Regardless of what happens to Skype (s EBAY) — if it’s resold to founders, merged with another web giant or spun off via an initial public offering — one thing remains clear: The company is showing raw growth in both its revenues and registered user numbers. For the first quarter of 2009, the company reported revenues of $153.2 million vs. $145 million in the first fourth quarter of 2008.
It added 37.9 million new users during the quarter and now has a total of 443.2 million registered users. In comparison, the company ended 2008 with 405 million subscribers. In the previous quarter it added about 35 million new registered users. Skype, which has become the largest long-distance company, has been experiencing slowdown in its per-user revenues.

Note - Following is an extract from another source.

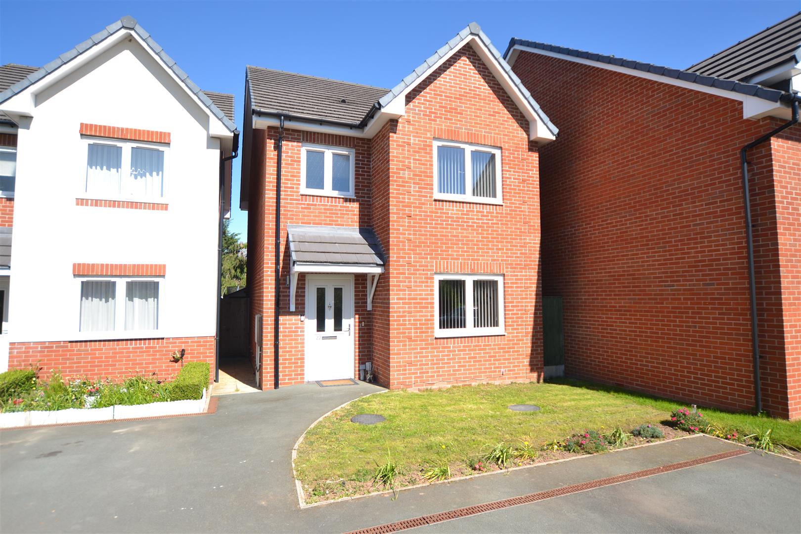 The property is a modern detached house of brick construction under a tiled roof.

The company logged 2.9 billion Skype Out minutes, or about 6.53 minutes per user.
FYI, note that Skype grew revenue 38% yoy, net of foreign exchange impact
Also, you mentioned $145M of revenue in Q1 2008, it was actually $126M (cf the graph you posted).
julien
sorry about that. it was fourth quarter of 2008. not first quarter of 2008.
interesting. does anyone know
a) how many minutes are skype to skype —> a good % of that is what they have taken out of the voice market, and cannot monetize
b) length of average conversation, skype to skype vs. skype to skypeOut. curious about the impact of free….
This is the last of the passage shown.